The latest changes to Ukrainian OST regulations complicate our lives even further. From now on, anyone of us can be kicked out of the program for relapsing (using illicit drugs or alcohol), missing a visit to the clinic for any reason, or being charged with an administrative offense (even jaywalking or smoking in a non-smoking area). If I get sick and am admitted to the hospital, I will suffer in withdrawal for the first few days while my doctors go through the bureaucratic formalities of transferring my medication to me in the hospital. If I lose my job, I won’t be able to go away to a different city without also losing my spot at the clinic. Now, every time I go out of town, I’ll have to show a vacation slip or a travel authorization form from my employer to my doctor. And if anyone at work finds out that I am an OST patient and have a history of drug use—I can lose my job…

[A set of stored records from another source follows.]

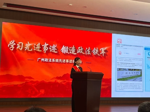 6月29日下午,广州市举办政法系统先进事迹报告会,5位先进代表分别登上市委会议厅讲台,分享他们在不同工作岗位上发生的感人故事,讲述自己立足本职坚守初心的奋斗经历。以下是广州互联网法院综合审判三庭庭长段莉琼的奋斗故事。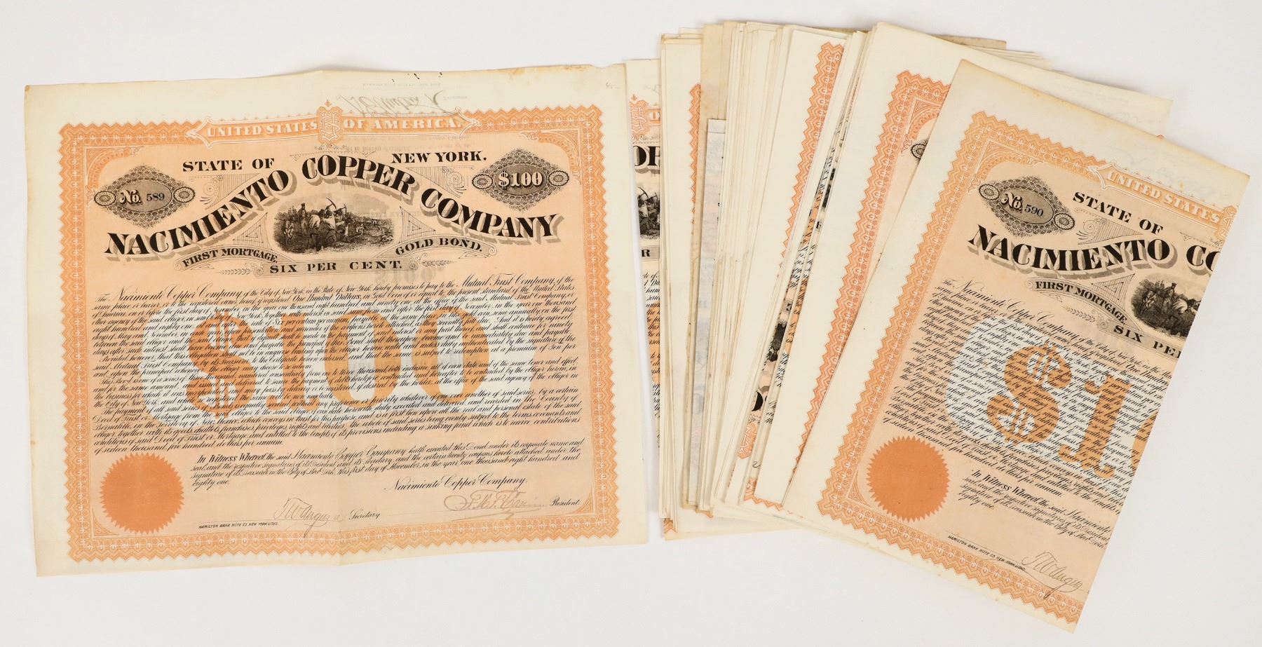 Lot of approx. (+50) Gold Bond certificates, issued by the "Nacimiento Copper Company." First Mortgage Gold Bond Six Per Cent is listed below the central Rail workers vignette. Embossed corporate seal in orange in lower left corner. These are signed, not issued or cancelled. Each folded sheet has a full set of attached coupons for $3 each, payable as they mature in succeeding years. Overall condition is very good to near-excellent, particularly give their age. A few are quarter-folded, please see photos.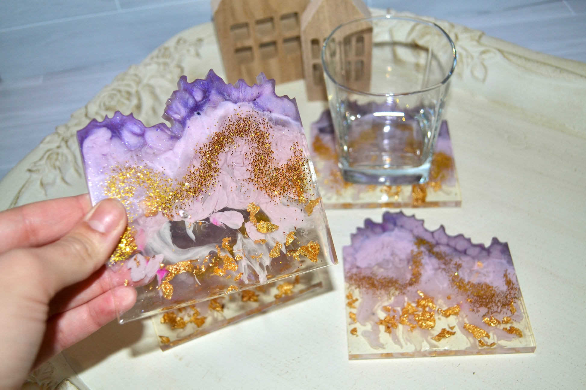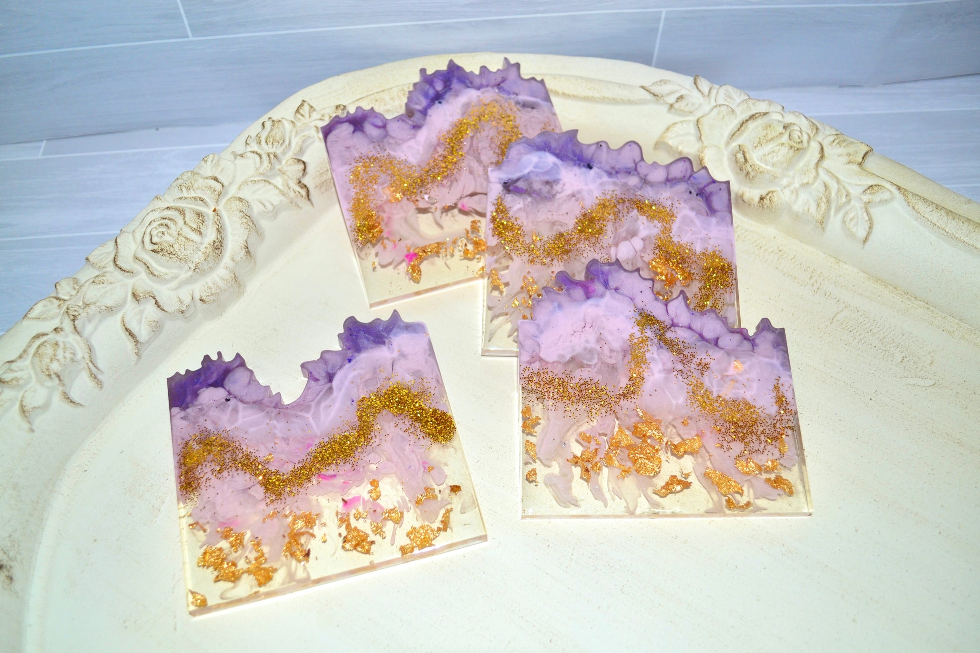 Beautifully handcrafted epoxy/resin geode like coaster set. Luxury on a budget. Set of four coasters are included. Purple, white, and gold in color. Perfect as a wedding or house warming gift.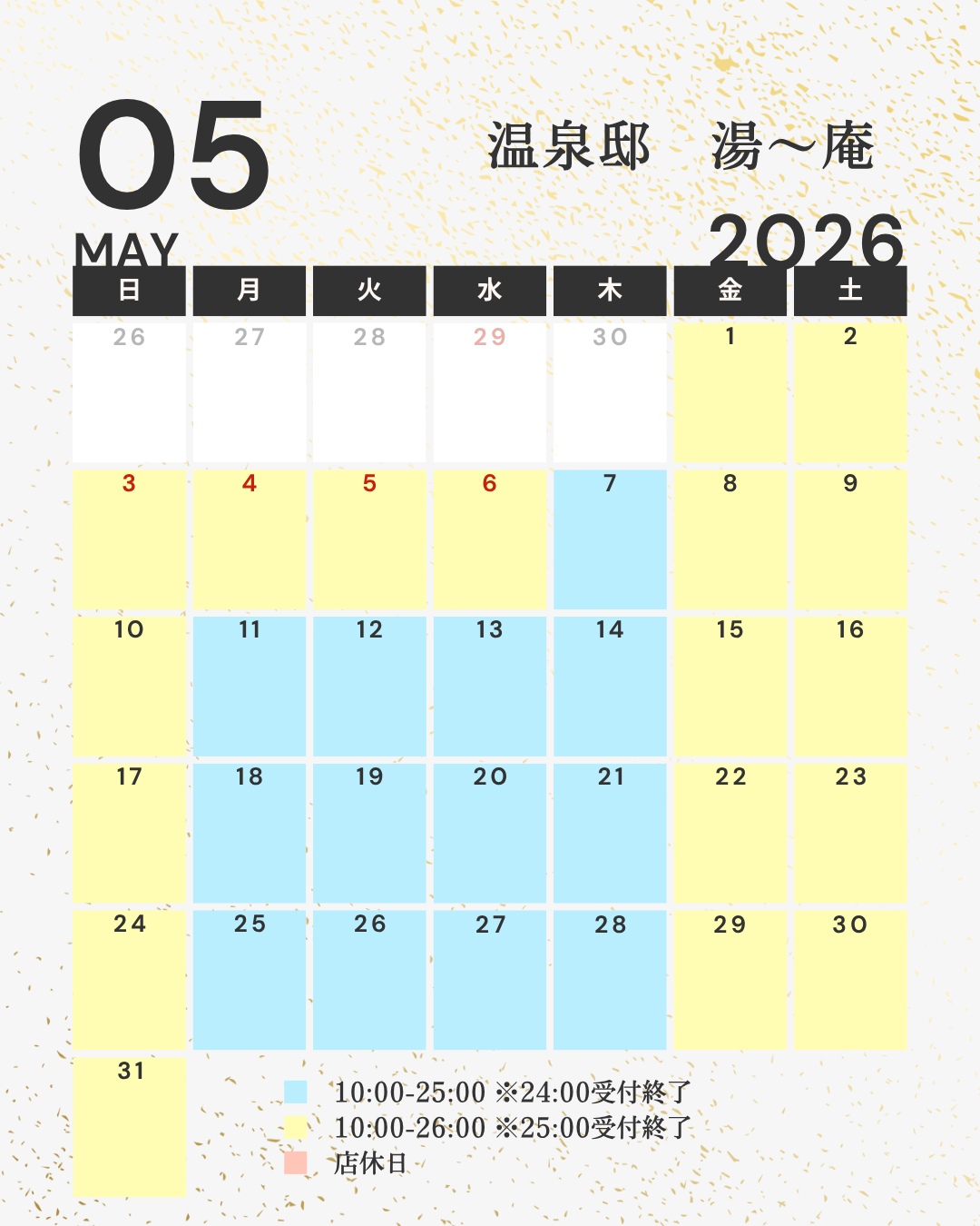 5月の営業情報《温泉邸 湯~庵》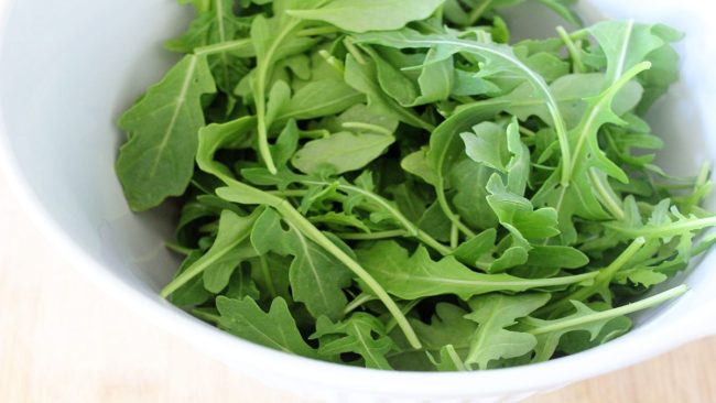2. اغسلي الجرجير جيدًا بالماء، ثم ضعيه في الخلاط.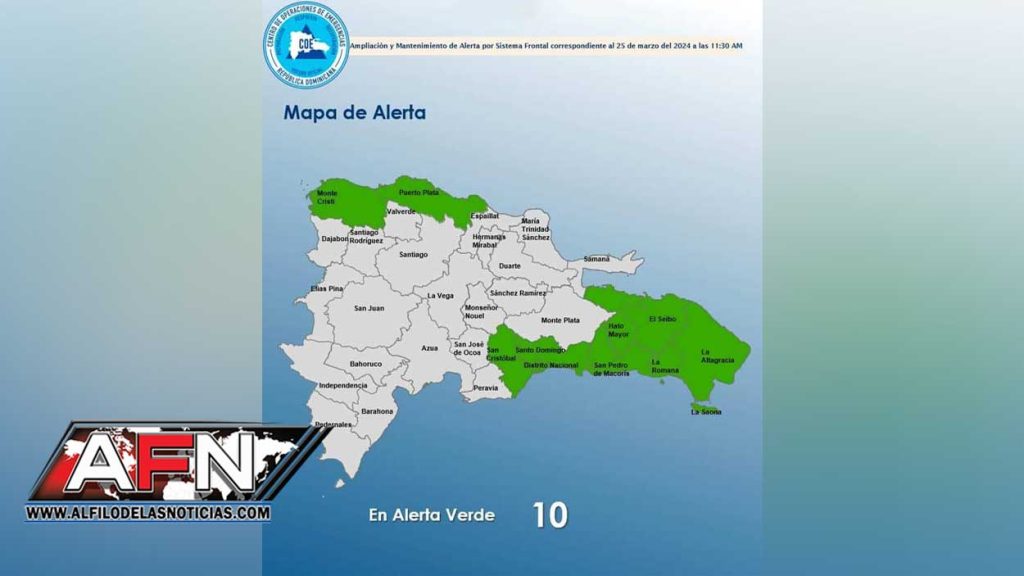 SANTO DOMINGO.- El Centro de Operaciones de Emergencias (COE) aumentó a 10 las provincias en alerta verde ante los aguaceros que se prevén para esta tarde y noche debido a la incidencia de un sistema frontal o frente frío, ubicado próximo a la costa norte.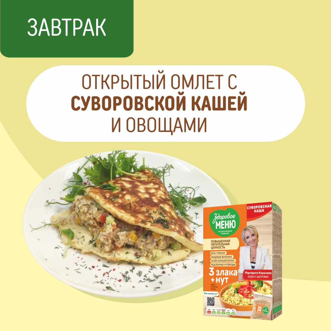 В основе рецептов-функциональные крупы повышенной питательной ценности бренда "Здоровое меню". Завтрак ОТКРЫТЫЙ ОМЛЕТ СУВОРОВСКОЙ КАШЕЙ И ОВОЩАМИ Ингредиенты на 1 порцию: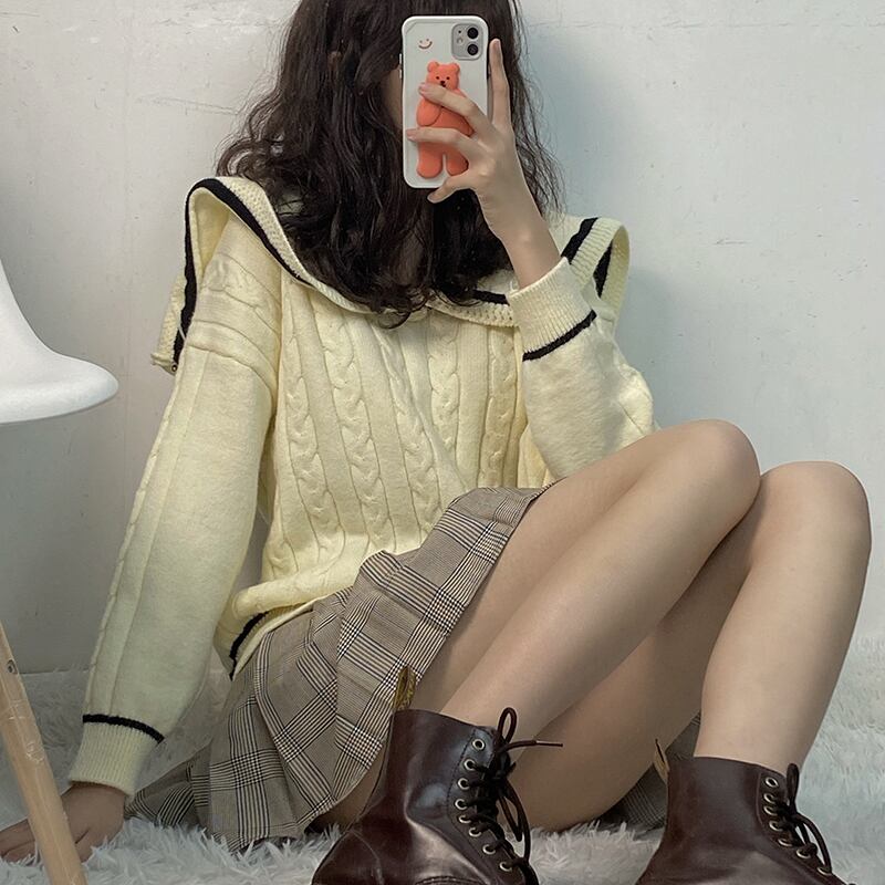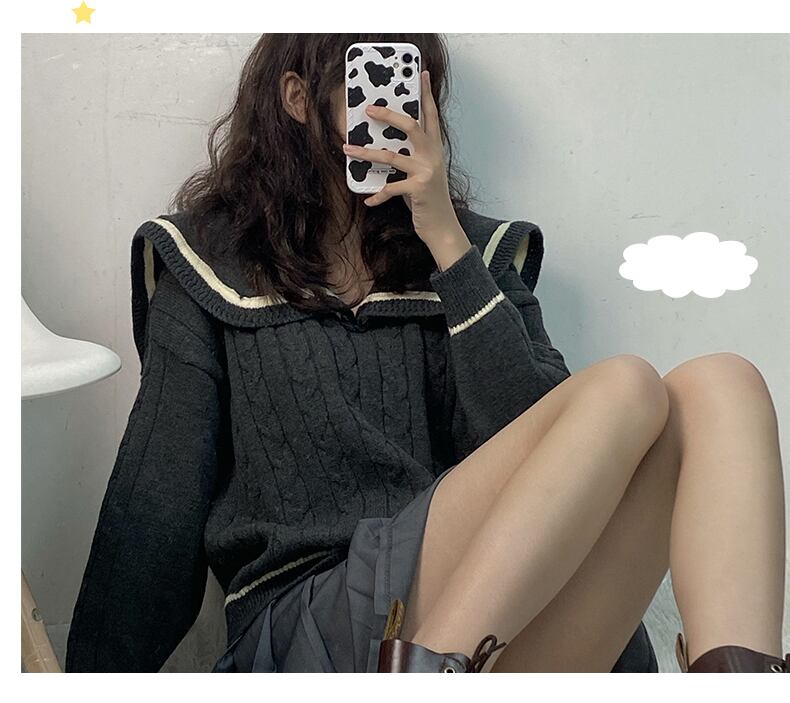 ✞襟ニットセーター プルオーバー 大人女子 トップス ウィンター レトロ 秋冬✞ゴスロリ SM ミリ 甘ロリ クラロリ 和ロリ エレガント 黒ロリ 姫ロリ 華ロリ BB-BB69554738784

With these changes, fear has become a permanent part of my life. I am even scared to be a mother again. Because of my fragile health and my ties to the OST clinic, I worry that my experience of motherhood will turn out to be desperately miserable. I am not the only one faced with difficult choices. People who use illicit drugs now have two options: to continue their life as outlaws, or to seek treatment and embrace OST the way it’s currently set up in Ukraine. The effects of these new changes to the OST program will be significant: the number of OST patients is likely to decrease, which will inevitably lead to an increase in HIV incidence and mortality among injecting drug users as drug users switch back to heroin and sharing syringes. The goals that the government and the community have set out for themselves won’t come close to becoming a reality under such conditions.

In short, the rules need to change if the government is to reach its goal—to decrease HIV rates among injecting drug users, and if we are to reach ours—to ensure a life, where our health and our rights are protected. I want my voice to be heard and considered. OST patients—people like me, who are dependent on drugs and often have a host of other health problems—also want a future and a normal life. We want to have the same opportunities to work and travel around and outside of the country as anybody else, and we want those rights protected. We want the right to live free of fear, with dignity and hope for a better future. We want to be part of the solution to the HIV epidemic in our country. And we want to help shape a society where everyone is entitled to equal rights, irrespective of their medical condition.